Luke Fildes

Personal information
- Full name: Frederick Luke Val Fildes
- Born: 13 June 1879 Kensington, London, England
- Died: 22 April 1970 (aged 90) Kensington, London, England

Sport
- Sport: Fencing

= Luke Fildes (fencer) =

British fencer (1879–1970)

Frederick Luke Val Fildes (13 June 1879 – 22 April 1970) was a British fencer, solicitor and company secretary. He competed in the individual épée event at the 1908 Summer Olympics.

==Biography==
Fildes was born on 13 June 1879 in London, the son of Sir Luke Fildes, and the great grandson of Mary Fildes. He was named Val after his godfather, the painter Val Prinsep.
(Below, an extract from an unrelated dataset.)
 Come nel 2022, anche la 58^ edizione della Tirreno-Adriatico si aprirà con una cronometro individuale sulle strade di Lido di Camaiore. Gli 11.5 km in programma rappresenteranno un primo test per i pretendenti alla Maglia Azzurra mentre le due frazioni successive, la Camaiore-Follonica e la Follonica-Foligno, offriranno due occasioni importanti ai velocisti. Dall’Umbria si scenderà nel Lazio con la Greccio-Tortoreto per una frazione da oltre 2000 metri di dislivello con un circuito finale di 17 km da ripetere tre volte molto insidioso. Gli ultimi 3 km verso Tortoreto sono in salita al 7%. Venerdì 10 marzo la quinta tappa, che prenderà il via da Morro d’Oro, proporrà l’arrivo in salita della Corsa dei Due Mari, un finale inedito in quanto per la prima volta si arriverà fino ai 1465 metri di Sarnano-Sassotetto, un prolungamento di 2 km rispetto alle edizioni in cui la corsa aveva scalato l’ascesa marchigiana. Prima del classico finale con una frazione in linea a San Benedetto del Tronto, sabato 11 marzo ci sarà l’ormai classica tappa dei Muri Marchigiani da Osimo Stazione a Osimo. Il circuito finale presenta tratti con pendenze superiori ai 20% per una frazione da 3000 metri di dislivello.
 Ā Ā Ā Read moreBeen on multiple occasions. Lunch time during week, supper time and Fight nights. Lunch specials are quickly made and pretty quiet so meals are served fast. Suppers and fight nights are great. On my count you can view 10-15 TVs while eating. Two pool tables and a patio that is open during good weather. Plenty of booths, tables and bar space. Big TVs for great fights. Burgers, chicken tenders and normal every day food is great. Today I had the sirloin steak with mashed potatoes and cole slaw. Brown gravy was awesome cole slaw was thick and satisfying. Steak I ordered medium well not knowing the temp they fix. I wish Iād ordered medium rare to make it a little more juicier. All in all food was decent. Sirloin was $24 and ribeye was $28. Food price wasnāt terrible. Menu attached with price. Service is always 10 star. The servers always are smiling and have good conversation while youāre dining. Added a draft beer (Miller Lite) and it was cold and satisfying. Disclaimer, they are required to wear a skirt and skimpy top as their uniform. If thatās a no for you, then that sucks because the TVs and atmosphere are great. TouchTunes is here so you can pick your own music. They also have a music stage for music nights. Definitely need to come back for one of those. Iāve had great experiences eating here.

He was educated at Marlborough College and Trinity College, Cambridge. He practised as chartered accountant and solicitor until the start of World War I. He served with the Coldstream Guards but after being wounded on the Somme he became superintendent of physical and bayonet training at the Aldershot Command. After the war he went into business rather than return to law and became secretary of Lever Brothers Limited.

In 1929, he won the épée title at the British Fencing Championships. He retired from Lever Brothers in 1946. Between 1934 and 1967 he was a trustee of the Lady Lever Art Gallery and Collections at Port Sunlight.
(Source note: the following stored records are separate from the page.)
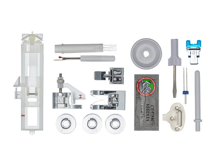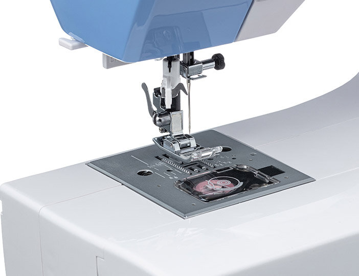| Особенности | двойная игла, мягкий чехол, ограничитель скорости, работа с грубыми тканями, работа с тонкими тканями, система измерения размера пуговиц, швейный советник |
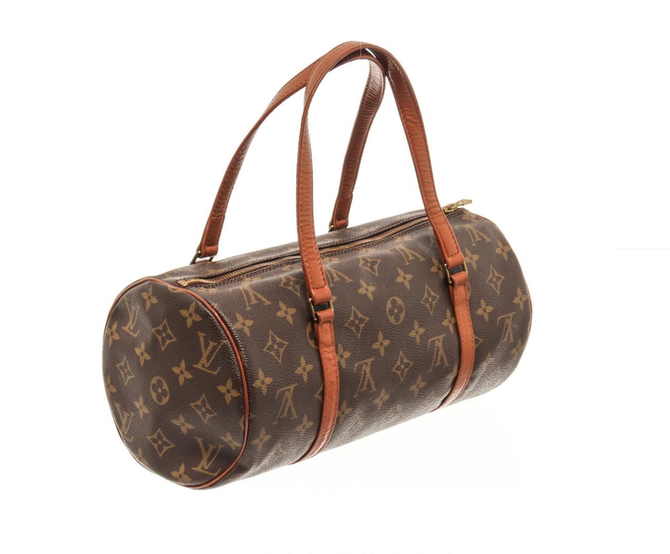 One Louis Vuitton Brown Canvas Papillon 30 Shoulder Bag. Item is sold AS-IS. All available information is listed in the description and shown in the photo. louis vuitton brown canvas papillon 30 shoulder bag with material monogram canvas, gold-tone hardware, brown vintage leather trim, dual top handles, brown leather interior lining, and zipper closure at top.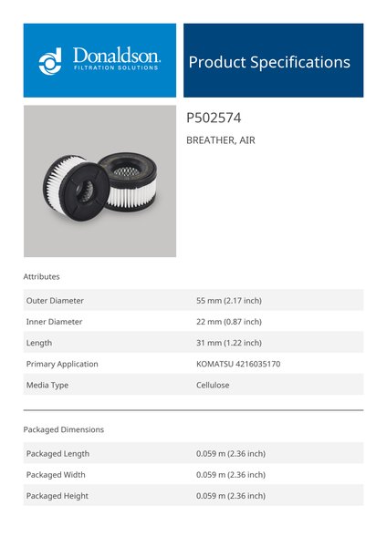 Donaldson P502574 Replaces the Komatsu 421-60-35170
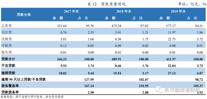 日前,联合资信发布的葫芦岛银行评级报告指出,2019年葫芦岛银行不良贷款、关注类贷款和逾期贷款规模均呈现较快增长态势,信贷资产质量面临的下行压力逐步显现,贷款拨备水平已不足。
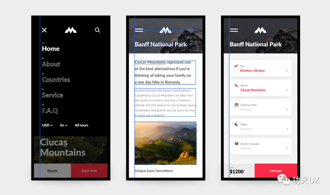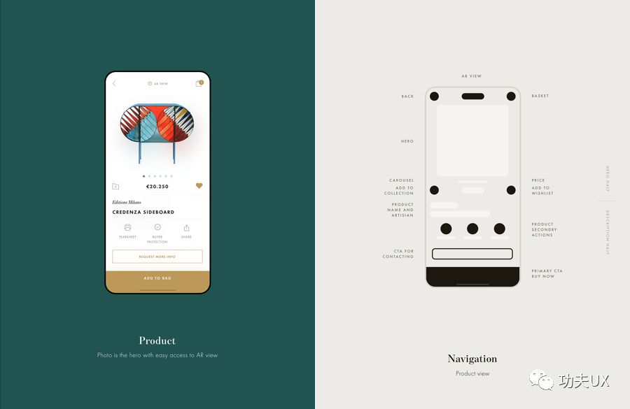 左边视觉界面,右边拆解原型出来,我们可以看到设计师也是通过元素合理分布使得界面整体平衡
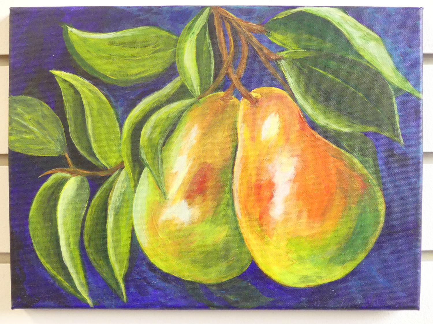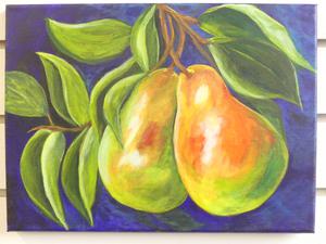 leta bugg, d.2021, acrylic on canvas, 9" x 12", "a pair of pears"

In 1968, as L. V. Fildes, he wrote a biography of his father "Luke Fildes R.A. A Victorian Painter" published in London by Michael Joseph. It is based partly on his father's correspondence and the diary of his maternal uncle Henry Woods R.A., who lived and painted in Venice. In the biography he says remarkably little about himself, except that at Easter, 1914, holidaying with his parents at Lenno on Lake Como, they met the sculptor William Goscombe John, also on holiday with his family. Luke Val married Goscombe John's daughter Muriel eighteen months later in 1915.